Vercel would have been faster. That's not the point.

·1 min read·
devopsinternet

Vercel would have been faster. A few clicks, done. This site would have been live before I finished my coffee.

Instead I spent an evening configuring Nginx, fighting with Node version managers, and explaining to certbot what my domain was. Then it worked, and I felt something I can only describe as disproportionate satisfaction.

I've been thinking about why.


Part of it is control. I like knowing exactly what happens between someone typing hanyan.dev and seeing my words. There's a chain — DNS, TCP handshake, TLS, Nginx, Node, the filesystem — and I put that chain together. I can inspect any link in it.

Part of it is the principle of the thing. The early internet was supposed to be a network of peers. Anyone could run a server. The web was genuinely decentralized in a way it hasn't been for a long time. Hosting your own site is a small, probably futile gesture toward that original idea. I make it anyway.

And part of it — I'll admit this — is that I just like knowing how things work. Not just knowing that they work. There's a difference. You can use a car your whole life without understanding internal combustion. But if you've rebuilt an engine once, you're never in the same relationship with cars again.

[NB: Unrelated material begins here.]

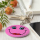 Esta cara rosa tem olhos azuis e lábios vermelhos.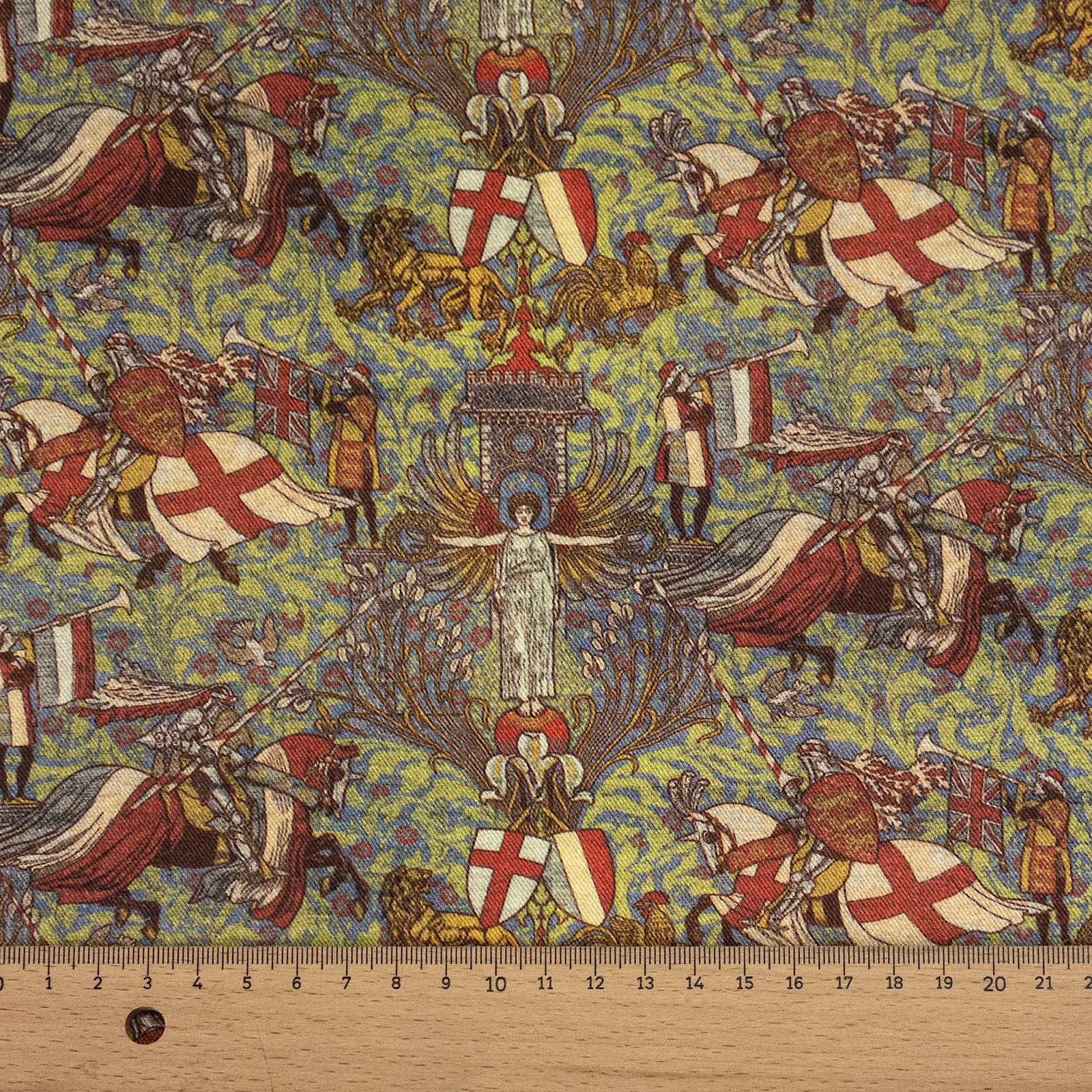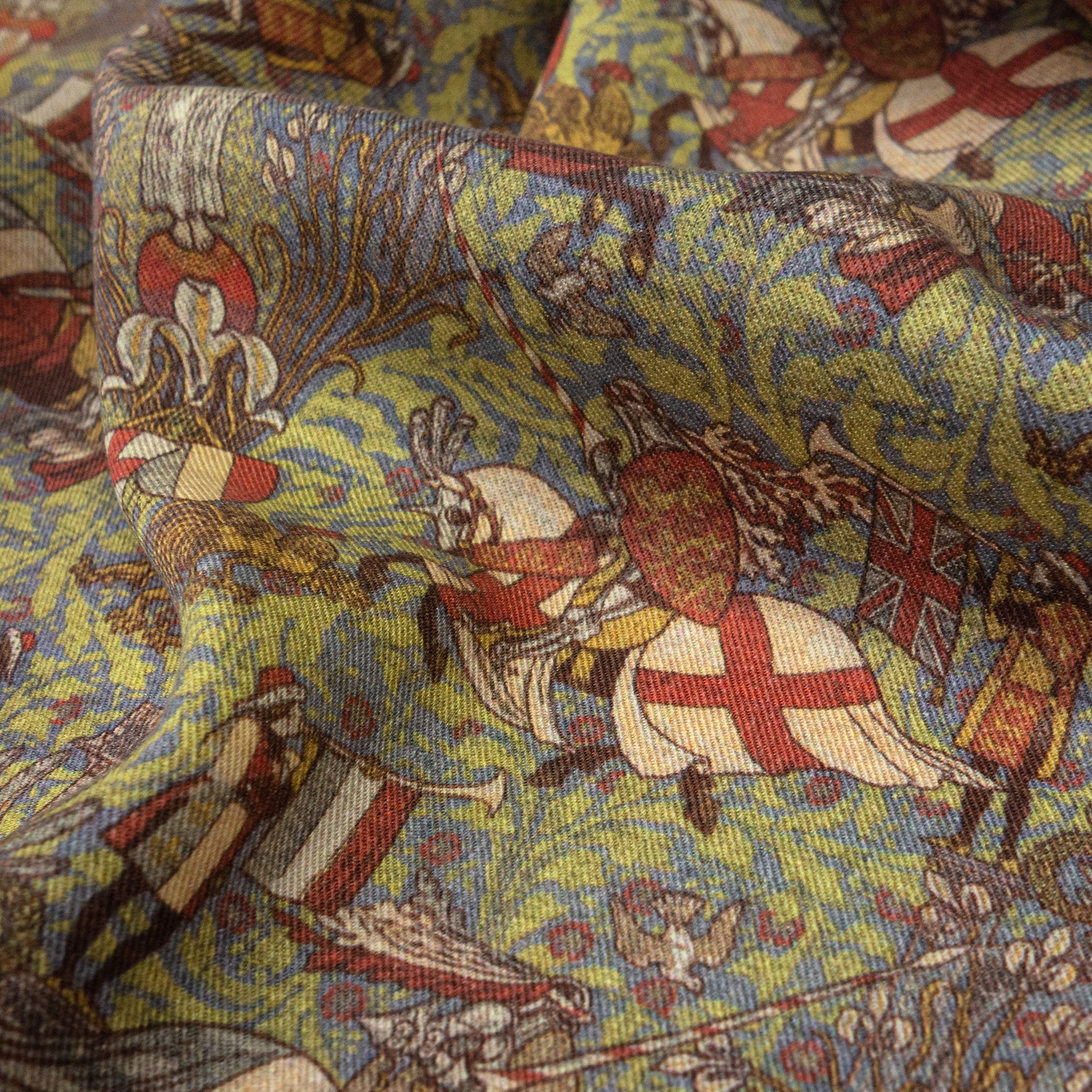 Fließendes und sehr weiches Gewebe aus reiner Lyocellfaser bedruckt mit mittelalterlichen Rittern und Engeln. Geeignet z.B. für außergweöhnliche Hemden und Blusen.

The stack, for the curious:

  • Next.js on Node, running on a VPS
  • PM2 keeping it alive across restarts
  • Nginx handling SSL and proxying
  • Let's Encrypt for the cert, renewed automatically

Nothing exotic. The whole thing costs a few dollars a month. It's fast enough. It's mine in a way that something running on someone else's platform isn't quite mine.

That matters to me. Maybe it's irrational. I'm okay with that.